Two years ago, the Keller Foundation partnered with the U.S. Oil Open Fund resulting in the Basic Needs Giving partnership, and last year matched grants totaling $750,000. The giving partnership, which yearly distributes more than $1 million to organizations fighting to resolve poverty issues in Green Bay and the Fox Cities, expanded to Oshkosh this year.

The foundation also joined forces with The P-C to help other donors make a tremendous difference in the lives of people in the Fox Valley, said Dan Flannery, executive editor of The P-C.

“The J.J. Keller Foundation has been a strong partner in many key ways. Not only did they put our Do It campaign for the Community Emergency Prescription Drug Fund over the top last summer, but their matching grant for the Stock The Shelves campaign helped us set a donation record we never thought was possible.

“The Stock The Shelves campaign’s previous record was in 2007, when we collected $28,300 to help food pantries and programs around the Valley. A year later, thanks in large part to the Keller Foundation’s $35,000 matching grant, we collected more than $73,000, well more than double the previous year’s donations.”

Although Appleton’s St. Joseph Food Program was among the food pantries receiving money from the campaign, it fell short of its year-end fundraising goal, and it was announced the distribution of milk and produce would be drastically cut. Again, the Keller Foundation stepped up to the plate.

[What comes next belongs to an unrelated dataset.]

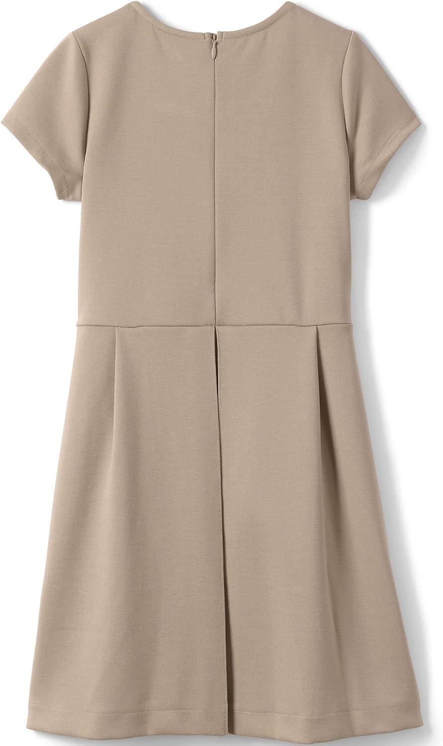 Lands’ End Girls Short Sleeve Ponte Dress(Khaki)

“We said, ‘We’ll give you $25,000 check to St. Joe’s but we’ll challenge the community to give the other $25,000,’” Harp-Jirschele said. Within 48 hours, more than $100,000 was raised. “It’s that kind of philosophy that the family has that they’re going to give until there isn’t a need anymore.”

“We were exceptionally grateful for that because it kept us from having to cut our milk program,” said St. Joseph’s operations manager Monica Clare. “So it was help right when we needed it.”

Before 2008, Keller-Krikava ran the foundation with her grandmother, Ethel Keller. Harp-Jirschele was brought aboard to facilitate grant making, board relations, communications, publicity and community engagement, operations, governance and planning.

“The first day I started, Bob (Keller) said to me ‘I need my daughter’s head in J.J. Keller Associates, but she can keep her heart in the foundation.’ That’s a wonderful message to carry through,” said Harp-Jirschele who occupies Grandma Keller’s office.

Passing the $20 million mark wasn’t something the family set out to do, but rather the continuation of a tradition carried on in memory of Jack and Ethel Keller.

“We have made a significant impact on local nonprofits thanks to their vision and philanthropic philosophy,” said their son Robert Keller, president of the J.J. Keller Foundation board of directors, chairman and chief executive officer of J.J. Keller & Associates.